Action item - Restate the listing below word for word, omitting any images.
[[ Given material, beginning ]]
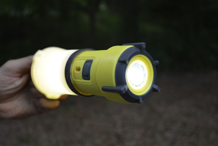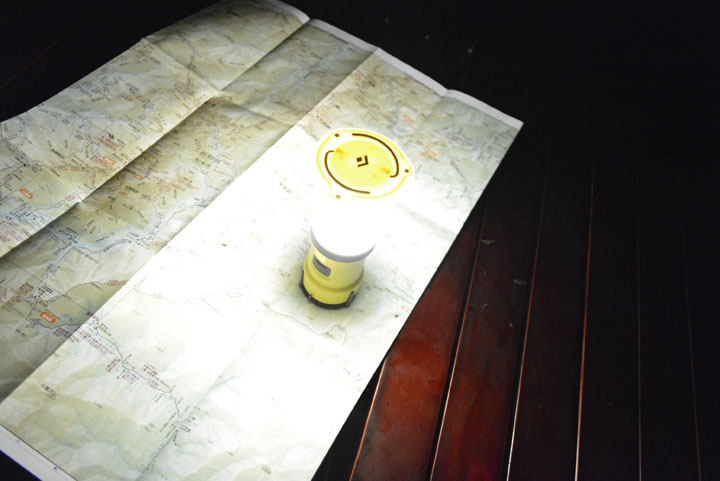 ランタンとフラッシュライトを両方点灯させることも可能。テント内で上から吊るし、全体を照らしつつ手元で地図を確認といったこともできる
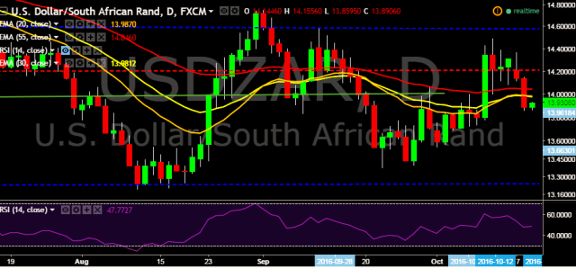 We prefer to go short on USD/ZAR around 14.00, stop loss 14.15 and target of 13.86/13.70.
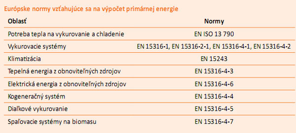Na obr. 2 sú schematicky znázornené energetické toky v budove s uvažovaním obnoviteľných zdrojov energie. Pri výpočte sa použijú európske normy uvedené v tabuľke.
[[ Given material, end ]]
Output for this task -
 ランタンとフラッシュライトを両方点灯させることも可能。テント内で上から吊るし、全体を照らしつつ手元で地図を確認といったこともできる
 We prefer to go short on USD/ZAR around 14.00, stop loss 14.15 and target of 13.86/13.70.
Na obr. 2 sú schematicky znázornené energetické toky v budove s uvažovaním obnoviteľných zdrojov energie. Pri výpočte sa použijú európske normy uvedené v tabuľke.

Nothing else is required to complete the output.